Back-of-the-Envelope Estimation | System Design Course

Why Interviewers Ask for Estimates

Capacity estimation is not about getting the exact number. Interviewers want to see three things:

Structured thinking: Can you break a complex problem into smaller, manageable pieces?
Reasonable assumptions: Do you know the order of magnitude of common system metrics?
Design implications: Can you translate numbers into architectural decisions? For example, if your write QPS is 50,000, a single SQL database won't suffice, and you need sharding or a NoSQL store.

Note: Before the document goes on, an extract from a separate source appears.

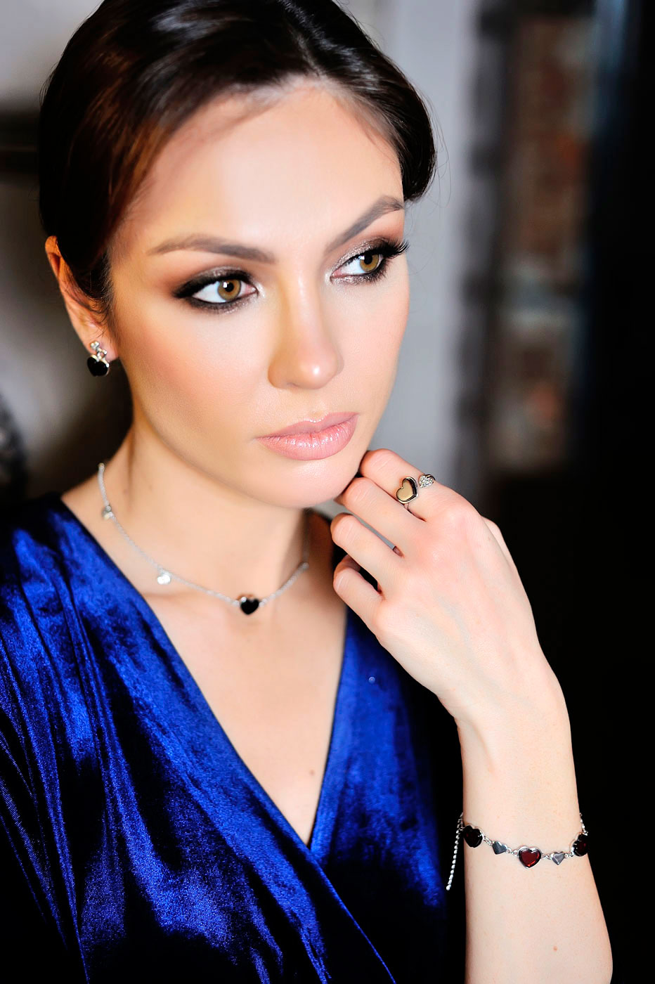 Фото «Серебряный чокер с подвесками Sun Stone N9209RV с янтарем»

Estimates drive design choices. A system serving 100 users per day looks completely different from one serving 100 million. By doing the math early, you avoid over-engineering small systems and under-engineering large ones.

Numbers Every Engineer Should Know

These reference numbers, originally popularized by Jeff Dean, form the foundation of all back-of-the-envelope calculations. You do not need to memorize every number, but you should know their order of magnitude.

Operation	Latency	Notes
L1 cache reference	0.5 ns	Fastest memory access
L2 cache reference	7 ns	~14x L1
Main memory (RAM) reference	100 ns	~200x L1
SSD random read	150 μs	~1,500x RAM
HDD random read (seek)	10 ms	~100,000x RAM
Send 1 KB over 1 Gbps network	10 μs	Within same data center
Round trip within same data center	0.5 ms	Network + processing
Round trip CA to Netherlands	150 ms	Cross-continent
Read 1 MB sequentially from RAM	250 μs
Read 1 MB sequentially from SSD	1 ms	4x RAM
Read 1 MB sequentially from HDD	20 ms	80x RAM
Disk seek	10 ms	Mechanical delay
Compress 1 KB with Snappy	3 μs	Fast compression
Mutex lock/unlock	25 ns

Storage and Scale Reference

Unit	Approximate Value	Useful For
1 KB	1,000 bytes	A small JSON payload, a tweet
1 MB	1,000 KB	A high-res photo, a short MP3
1 GB	1,000 MB	A movie, ~300 photos
1 TB	1,000 GB	A large database table
1 PB	1,000 TB	Entire company data warehouse
Seconds in a day	~86,400 (~10⁵)	QPS calculations
Seconds in a month	~2.5 million (~2.5 × 10⁶)	Monthly volume
Seconds in a year	~31.5 million (~3 × 10⁷)	Annual volume

The Estimation Framework

Every capacity estimation follows the same four-step workflow. Practice this order so it becomes second nature in interviews.

Estimate Traffic (QPS)

Start with Daily Active Users (DAU). Multiply by actions per user per day. Divide by 86,400 seconds to get average queries per second (QPS). Multiply by a peak factor (typically 2x to 5x) for peak QPS.

Estimate Storage

Calculate the size of a single record or object. Multiply by the number of new records per day. Multiply by the retention period (e.g., 5 years). Add overhead for indexes, replication, and backups.

Estimate Bandwidth

Multiply average request/response size by QPS to get bytes per second. Calculate separately for incoming (write) and outgoing (read) traffic, as reads usually dominate.

Estimate Memory (Cache)

Apply the 80/20 rule: 20% of data generates 80% of reads. Cache the top 20% of daily read requests. Memory needed = 20% × daily read volume × average object size.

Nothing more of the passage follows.